*Information*:
- - -

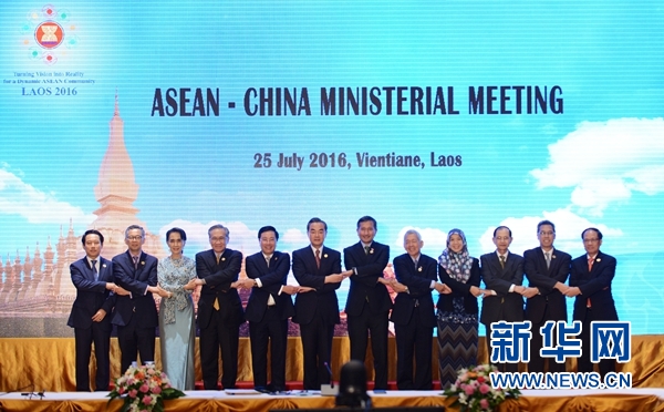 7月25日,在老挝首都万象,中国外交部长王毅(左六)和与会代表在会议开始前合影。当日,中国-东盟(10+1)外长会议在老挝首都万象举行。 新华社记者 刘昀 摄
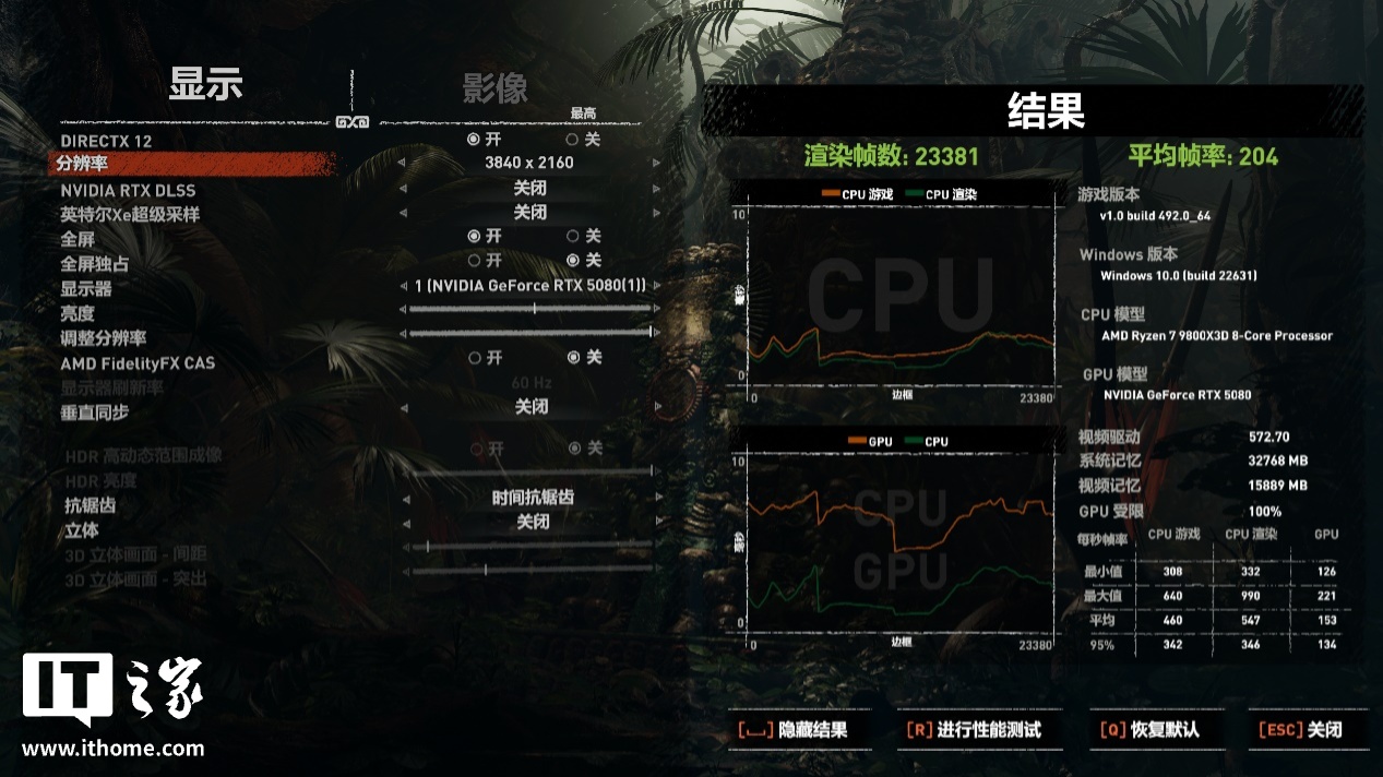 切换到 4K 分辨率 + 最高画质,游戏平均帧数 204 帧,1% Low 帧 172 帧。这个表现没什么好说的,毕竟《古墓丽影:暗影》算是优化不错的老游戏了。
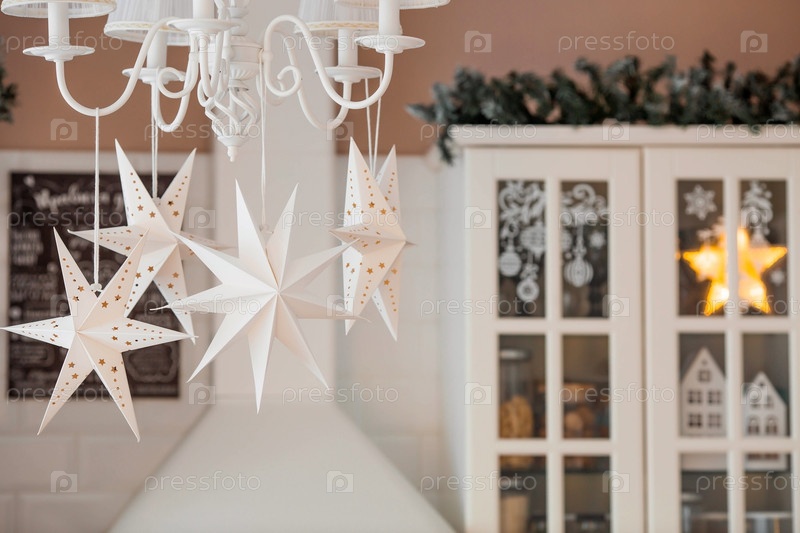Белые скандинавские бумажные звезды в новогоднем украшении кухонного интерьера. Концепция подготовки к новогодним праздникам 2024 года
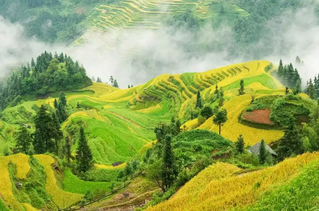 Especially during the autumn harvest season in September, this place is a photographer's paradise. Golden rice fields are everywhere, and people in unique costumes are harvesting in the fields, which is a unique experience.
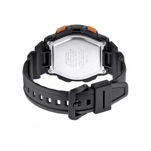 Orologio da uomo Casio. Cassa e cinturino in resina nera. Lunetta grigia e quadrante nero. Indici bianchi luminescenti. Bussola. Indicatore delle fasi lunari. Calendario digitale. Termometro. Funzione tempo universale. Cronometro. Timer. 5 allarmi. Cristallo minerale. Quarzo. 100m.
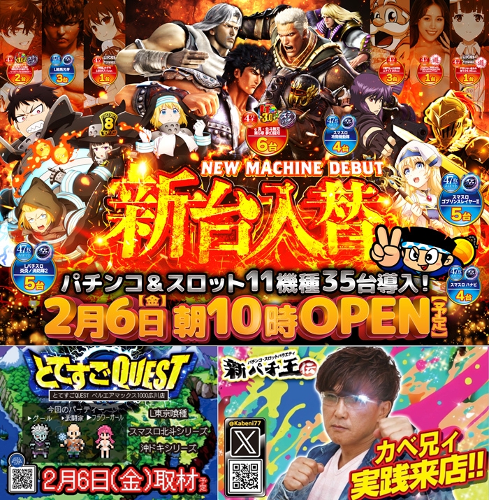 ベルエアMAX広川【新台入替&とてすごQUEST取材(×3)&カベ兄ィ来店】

- - -

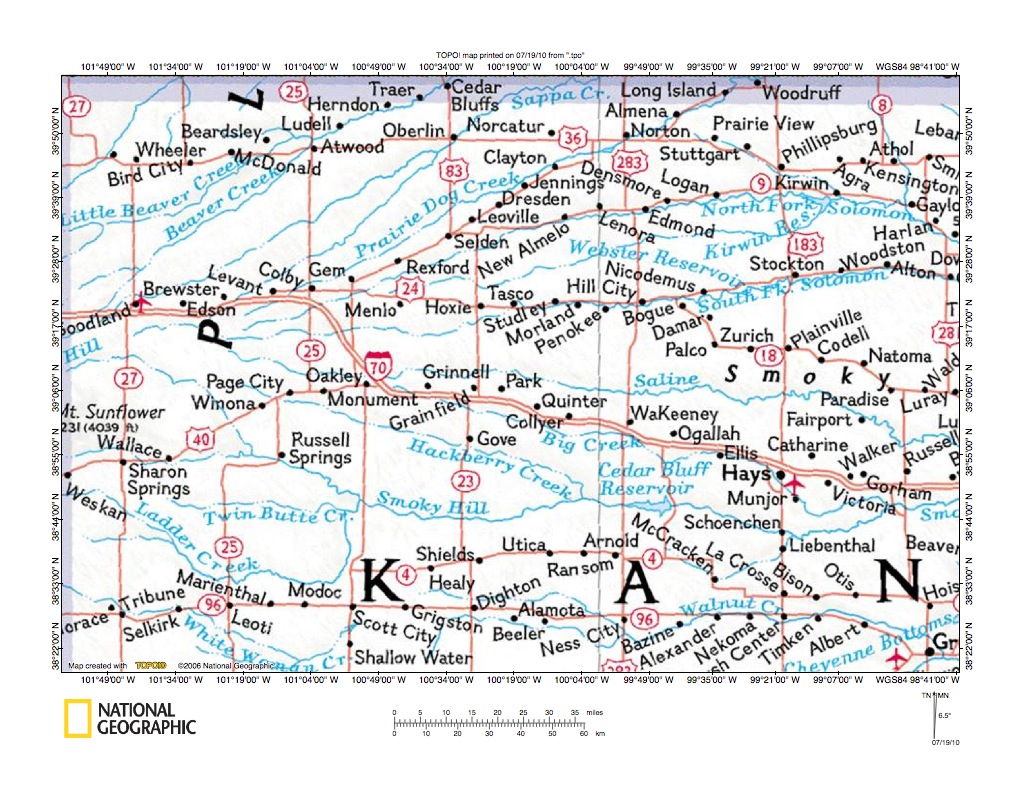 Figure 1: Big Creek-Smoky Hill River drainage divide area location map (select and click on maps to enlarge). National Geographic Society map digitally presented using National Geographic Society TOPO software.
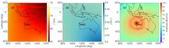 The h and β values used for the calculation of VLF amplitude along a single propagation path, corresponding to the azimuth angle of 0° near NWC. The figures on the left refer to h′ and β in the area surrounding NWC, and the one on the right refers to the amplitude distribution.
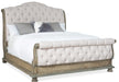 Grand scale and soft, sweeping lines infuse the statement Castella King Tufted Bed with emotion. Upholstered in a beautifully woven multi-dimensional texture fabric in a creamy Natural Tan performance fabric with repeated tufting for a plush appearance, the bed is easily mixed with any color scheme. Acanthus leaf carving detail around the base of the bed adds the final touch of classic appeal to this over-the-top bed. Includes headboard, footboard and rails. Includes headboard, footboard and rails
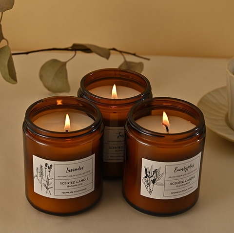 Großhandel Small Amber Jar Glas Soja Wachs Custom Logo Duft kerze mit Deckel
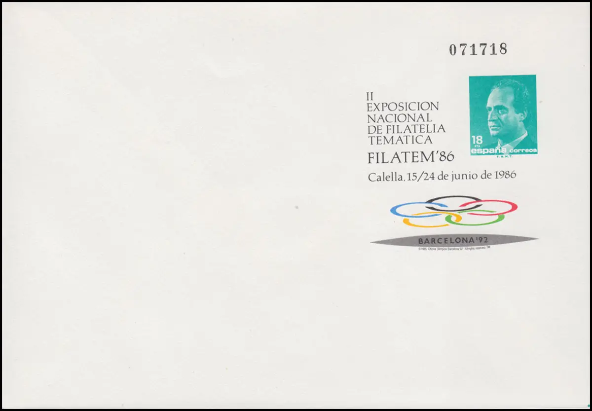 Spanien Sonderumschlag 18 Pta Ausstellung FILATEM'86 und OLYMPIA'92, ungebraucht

- - -

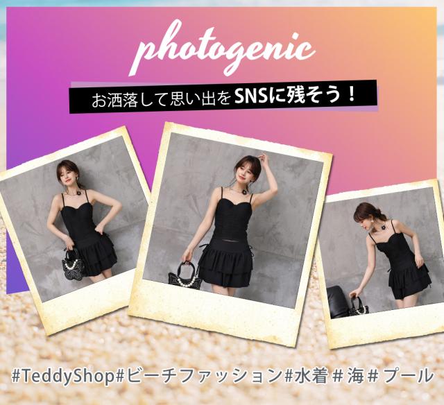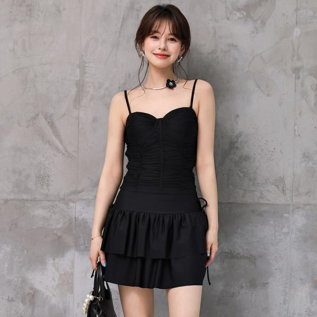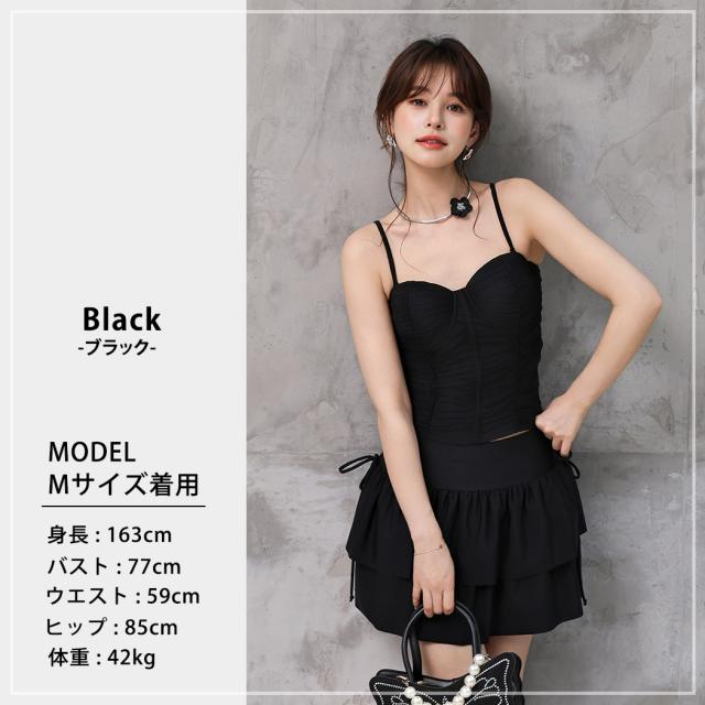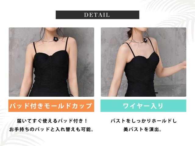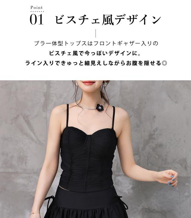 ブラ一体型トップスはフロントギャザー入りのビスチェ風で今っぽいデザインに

- - -

*Instructions for the task*: Go back to the listing above and reproduce, exactly, the stretch from the line bearing "切换到 4K 分辨率 +" through the line bearing "ベルエアMAX広川【新台入替&とてすごQUEST取材(×3)&カベ兄ィ来店】", without its pictures.

*Answer area*:
 切换到 4K 分辨率 + 最高画质,游戏平均帧数 204 帧,1% Low 帧 172 帧。这个表现没什么好说的,毕竟《古墓丽影:暗影》算是优化不错的老游戏了。
Белые скандинавские бумажные звезды в новогоднем украшении кухонного интерьера. Концепция подготовки к новогодним праздникам 2024 года
 Especially during the autumn harvest season in September, this place is a photographer's paradise. Golden rice fields are everywhere, and people in unique costumes are harvesting in the fields, which is a unique experience.
 Orologio da uomo Casio. Cassa e cinturino in resina nera. Lunetta grigia e quadrante nero. Indici bianchi luminescenti. Bussola. Indicatore delle fasi lunari. Calendario digitale. Termometro. Funzione tempo universale. Cronometro. Timer. 5 allarmi. Cristallo minerale. Quarzo. 100m.
 ベルエアMAX広川【新台入替&とてすごQUEST取材(×3)&カベ兄ィ来店】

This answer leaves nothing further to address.